(MATERIAL FOR THIS TASK)

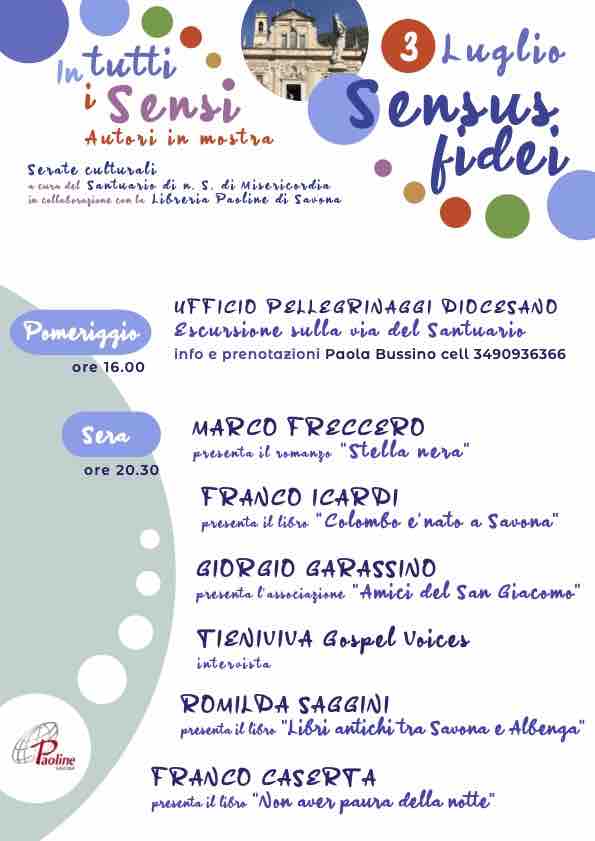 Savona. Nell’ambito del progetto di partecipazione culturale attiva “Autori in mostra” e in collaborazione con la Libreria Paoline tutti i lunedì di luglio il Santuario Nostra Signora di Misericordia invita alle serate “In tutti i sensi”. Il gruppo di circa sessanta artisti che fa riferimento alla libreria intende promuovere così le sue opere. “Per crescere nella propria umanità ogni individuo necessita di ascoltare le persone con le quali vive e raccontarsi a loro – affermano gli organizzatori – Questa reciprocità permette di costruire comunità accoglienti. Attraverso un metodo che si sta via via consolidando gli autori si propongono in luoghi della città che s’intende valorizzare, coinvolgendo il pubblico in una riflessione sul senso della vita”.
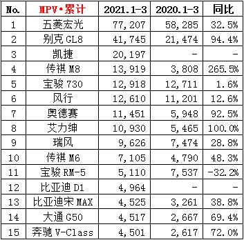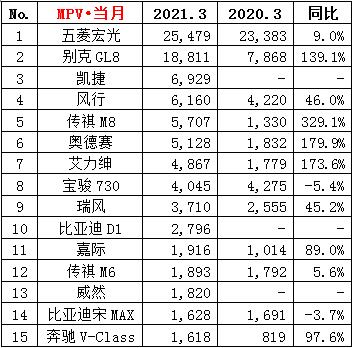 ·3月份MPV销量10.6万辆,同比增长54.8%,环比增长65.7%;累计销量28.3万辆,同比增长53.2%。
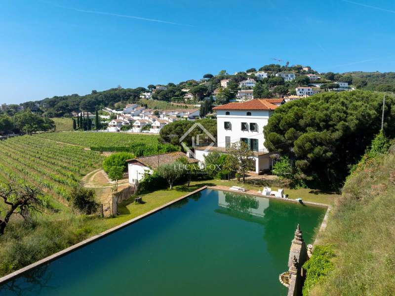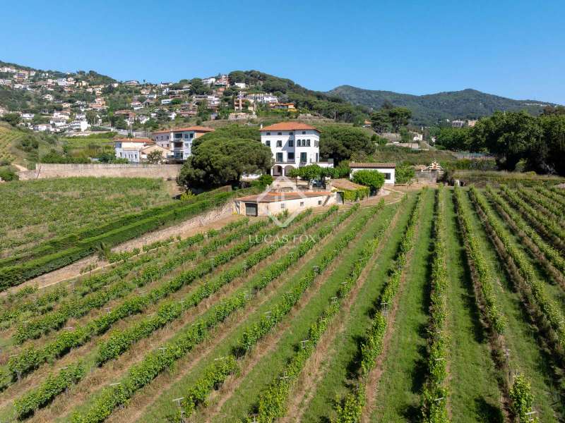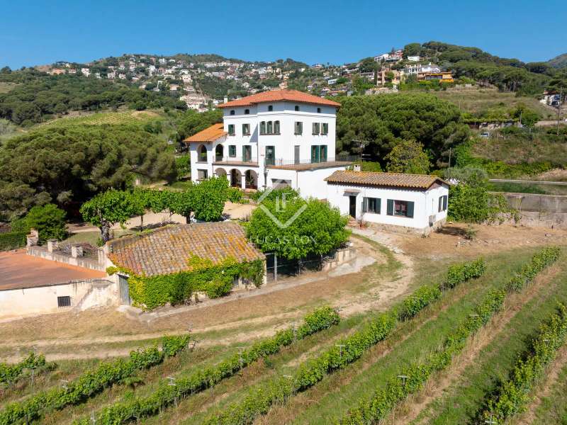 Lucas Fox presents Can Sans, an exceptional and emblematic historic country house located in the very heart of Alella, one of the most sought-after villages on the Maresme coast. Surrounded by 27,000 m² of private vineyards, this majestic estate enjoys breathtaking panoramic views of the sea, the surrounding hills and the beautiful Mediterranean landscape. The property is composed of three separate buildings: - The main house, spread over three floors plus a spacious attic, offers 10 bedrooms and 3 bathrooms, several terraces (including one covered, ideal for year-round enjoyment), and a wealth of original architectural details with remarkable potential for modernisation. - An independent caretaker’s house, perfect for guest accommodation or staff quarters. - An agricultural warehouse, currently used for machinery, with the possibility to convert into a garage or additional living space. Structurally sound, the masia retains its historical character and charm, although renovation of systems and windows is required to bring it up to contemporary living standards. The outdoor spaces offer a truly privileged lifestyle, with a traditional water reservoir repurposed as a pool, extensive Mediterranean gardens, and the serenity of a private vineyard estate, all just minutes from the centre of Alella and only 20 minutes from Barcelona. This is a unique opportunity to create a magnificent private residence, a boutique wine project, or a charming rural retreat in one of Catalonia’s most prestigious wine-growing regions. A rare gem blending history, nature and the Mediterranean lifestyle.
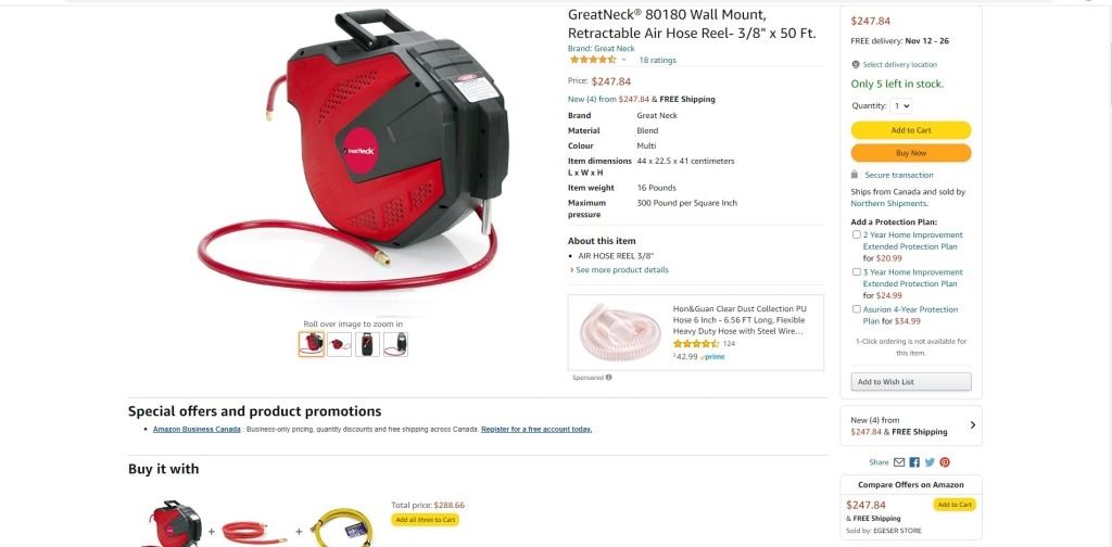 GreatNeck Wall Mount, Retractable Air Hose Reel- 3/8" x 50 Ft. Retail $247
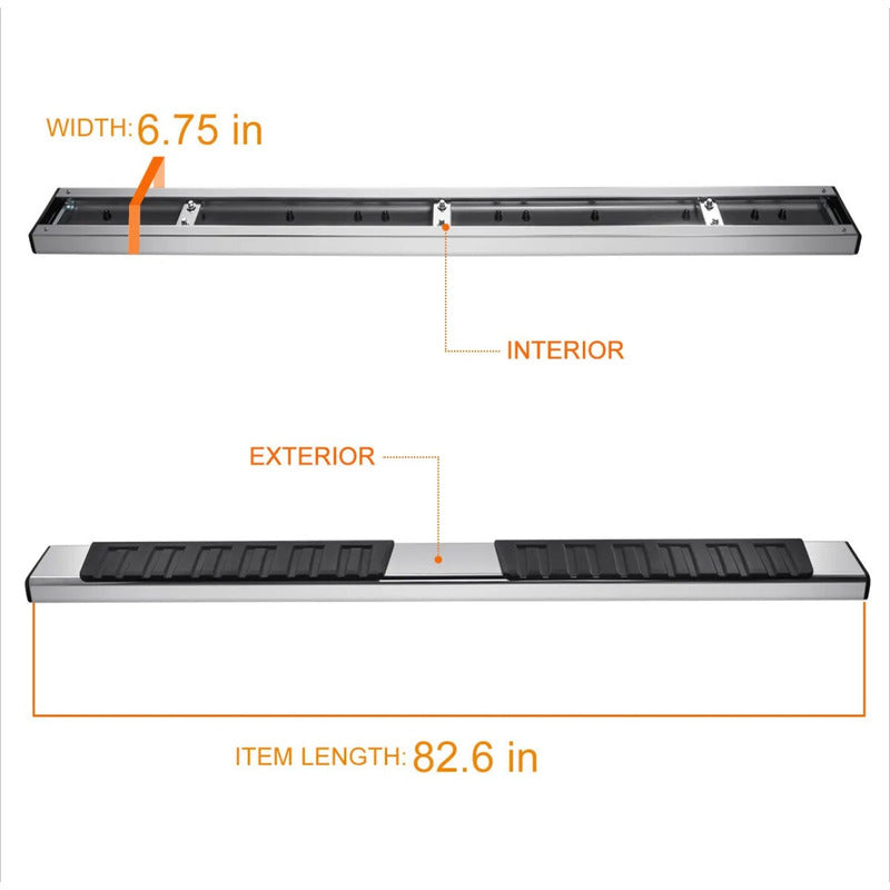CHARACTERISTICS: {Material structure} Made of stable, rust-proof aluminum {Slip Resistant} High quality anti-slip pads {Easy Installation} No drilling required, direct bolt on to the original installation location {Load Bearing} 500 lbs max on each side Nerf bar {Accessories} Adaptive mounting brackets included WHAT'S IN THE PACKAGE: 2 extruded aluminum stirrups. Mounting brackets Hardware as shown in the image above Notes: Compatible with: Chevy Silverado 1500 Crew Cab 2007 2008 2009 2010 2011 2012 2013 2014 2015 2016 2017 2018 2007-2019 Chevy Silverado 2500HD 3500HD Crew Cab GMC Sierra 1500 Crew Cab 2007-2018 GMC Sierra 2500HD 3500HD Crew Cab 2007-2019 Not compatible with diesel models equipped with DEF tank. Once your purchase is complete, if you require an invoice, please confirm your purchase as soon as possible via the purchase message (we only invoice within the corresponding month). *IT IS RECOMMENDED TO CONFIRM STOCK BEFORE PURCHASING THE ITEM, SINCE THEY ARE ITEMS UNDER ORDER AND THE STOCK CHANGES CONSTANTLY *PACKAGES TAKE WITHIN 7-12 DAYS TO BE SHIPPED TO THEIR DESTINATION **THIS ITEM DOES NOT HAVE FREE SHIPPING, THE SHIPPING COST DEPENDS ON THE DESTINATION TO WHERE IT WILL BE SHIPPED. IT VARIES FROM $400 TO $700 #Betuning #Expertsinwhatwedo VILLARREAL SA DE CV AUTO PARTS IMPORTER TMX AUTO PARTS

(End MATERIAL FOR THIS TASK)

TASK INSTRUCTIONS.
Your response must consist of the material above, reproduced word for word, with the images omitted.

ANSWER SPACE.
 Savona. Nell’ambito del progetto di partecipazione culturale attiva “Autori in mostra” e in collaborazione con la Libreria Paoline tutti i lunedì di luglio il Santuario Nostra Signora di Misericordia invita alle serate “In tutti i sensi”. Il gruppo di circa sessanta artisti che fa riferimento alla libreria intende promuovere così le sue opere. “Per crescere nella propria umanità ogni individuo necessita di ascoltare le persone con le quali vive e raccontarsi a loro – affermano gli organizzatori – Questa reciprocità permette di costruire comunità accoglienti. Attraverso un metodo che si sta via via consolidando gli autori si propongono in luoghi della città che s’intende valorizzare, coinvolgendo il pubblico in una riflessione sul senso della vita”.
 ·3月份MPV销量10.6万辆,同比增长54.8%,环比增长65.7%;累计销量28.3万辆,同比增长53.2%。
 Lucas Fox presents Can Sans, an exceptional and emblematic historic country house located in the very heart of Alella, one of the most sought-after villages on the Maresme coast. Surrounded by 27,000 m² of private vineyards, this majestic estate enjoys breathtaking panoramic views of the sea, the surrounding hills and the beautiful Mediterranean landscape. The property is composed of three separate buildings: - The main house, spread over three floors plus a spacious attic, offers 10 bedrooms and 3 bathrooms, several terraces (including one covered, ideal for year-round enjoyment), and a wealth of original architectural details with remarkable potential for modernisation. - An independent caretaker’s house, perfect for guest accommodation or staff quarters. - An agricultural warehouse, currently used for machinery, with the possibility to convert into a garage or additional living space. Structurally sound, the masia retains its historical character and charm, although renovation of systems and windows is required to bring it up to contemporary living standards. The outdoor spaces offer a truly privileged lifestyle, with a traditional water reservoir repurposed as a pool, extensive Mediterranean gardens, and the serenity of a private vineyard estate, all just minutes from the centre of Alella and only 20 minutes from Barcelona. This is a unique opportunity to create a magnificent private residence, a boutique wine project, or a charming rural retreat in one of Catalonia’s most prestigious wine-growing regions. A rare gem blending history, nature and the Mediterranean lifestyle.
 GreatNeck Wall Mount, Retractable Air Hose Reel- 3/8" x 50 Ft. Retail $247
CHARACTERISTICS: {Material structure} Made of stable, rust-proof aluminum {Slip Resistant} High quality anti-slip pads {Easy Installation} No drilling required, direct bolt on to the original installation location {Load Bearing} 500 lbs max on each side Nerf bar {Accessories} Adaptive mounting brackets included WHAT'S IN THE PACKAGE: 2 extruded aluminum stirrups. Mounting brackets Hardware as shown in the image above Notes: Compatible with: Chevy Silverado 1500 Crew Cab 2007 2008 2009 2010 2011 2012 2013 2014 2015 2016 2017 2018 2007-2019 Chevy Silverado 2500HD 3500HD Crew Cab GMC Sierra 1500 Crew Cab 2007-2018 GMC Sierra 2500HD 3500HD Crew Cab 2007-2019 Not compatible with diesel models equipped with DEF tank. Once your purchase is complete, if you require an invoice, please confirm your purchase as soon as possible via the purchase message (we only invoice within the corresponding month). *IT IS RECOMMENDED TO CONFIRM STOCK BEFORE PURCHASING THE ITEM, SINCE THEY ARE ITEMS UNDER ORDER AND THE STOCK CHANGES CONSTANTLY *PACKAGES TAKE WITHIN 7-12 DAYS TO BE SHIPPED TO THEIR DESTINATION **THIS ITEM DOES NOT HAVE FREE SHIPPING, THE SHIPPING COST DEPENDS ON THE DESTINATION TO WHERE IT WILL BE SHIPPED. IT VARIES FROM $400 TO $700 #Betuning #Expertsinwhatwedo VILLARREAL SA DE CV AUTO PARTS IMPORTER TMX AUTO PARTS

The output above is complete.